A ruling from the 9th U.S. Circuit Court of Appeals, often considered the most liberal court in the nation, has affirmed a religious school’s expulsion of those students who married same-sex partners and in doing so, violated the school’s “sexual standards” policy.
Their claim failed, the ruling said, because they had not shown any way that the school treated them more harshly than heterosexual students to also violated that school rule.
Courthouse News reported students Nathan Brittsan and Joanna Maxon were thrown out of graduate programs at Fuller Theological Seminary, of Pasadena, when officials found they each were married to someone of their own sex.
They sued, charged discrimination.
But the ruling from the 9th Circuit said, “To the extent that plaintiffs were dismissed because their marriages were with spouses of the same sex, rather than the opposite sex, plaintiffs’ claim fails because the religious exemption applies to shield these religiously motivated decisions that would otherwise violate Title IX’s prohibition on sex discrimination,” the opinion explained.
The two were accused of “homosexual forms of explicit sexual conduct.” It was in 2017 that Brittsan got a dismissal letter. And Maxon was just short of her online degree when she was dismissed in 2018.
She had, in fact, listed Tonya Minton as her spouse on a joint tax return.
The report explained by marrying those of the same sex, they were in violation of Fuller’s sexual standards policy that bars premarital sex and “homosexual forms.”
A district court judge earlier had thrown out the claims, explaining Fuller had not violated Title IX, which bars discrimination at schools – because the policy falls under the exemption for “religious tenets.”

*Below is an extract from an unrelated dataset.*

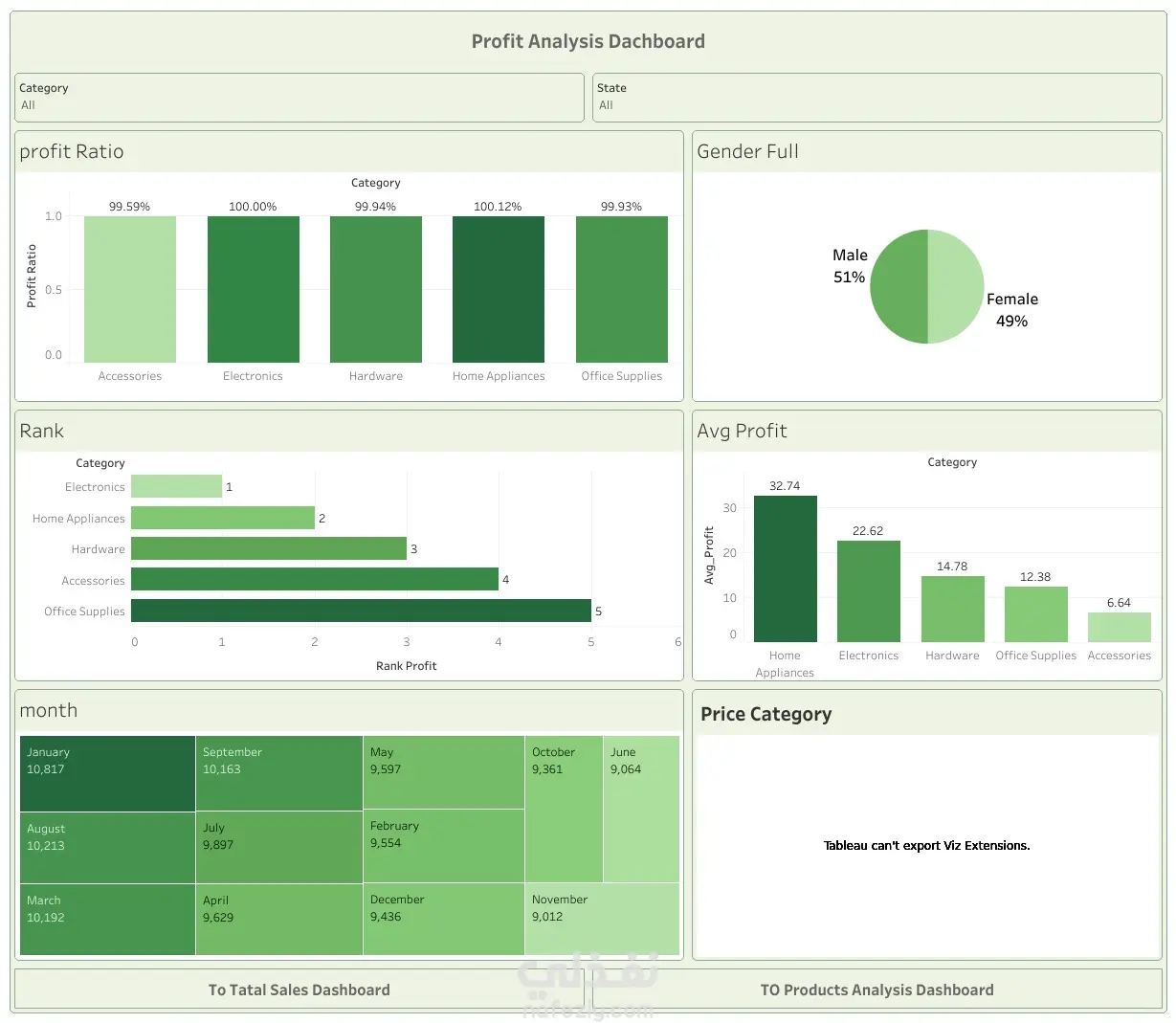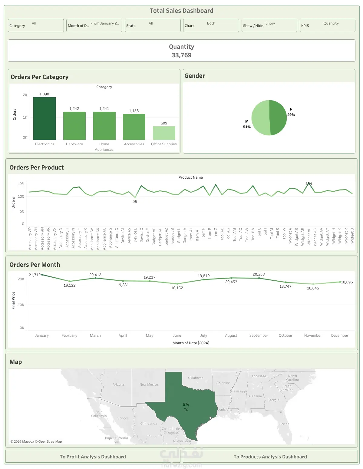 KPIs Design: تصميم بطاقات الأداء الرئيسية (Total Sales, Total Profit, Quantity) لتكون واضحة في مقدمة اللوحة.

The court’s decision said the two expelled students offered no facts to support the claim that their treatment was different from those students who are heterosexual, and violated the policy.
“Plaintiffs have advanced nothing more than conclusory assertions that Fuller engages in this sort of differential treatment, and they have conceded that they cannot currently advance any more-specific allegations even if given leave to amend,” the panel wrote in a footnote to the ruling.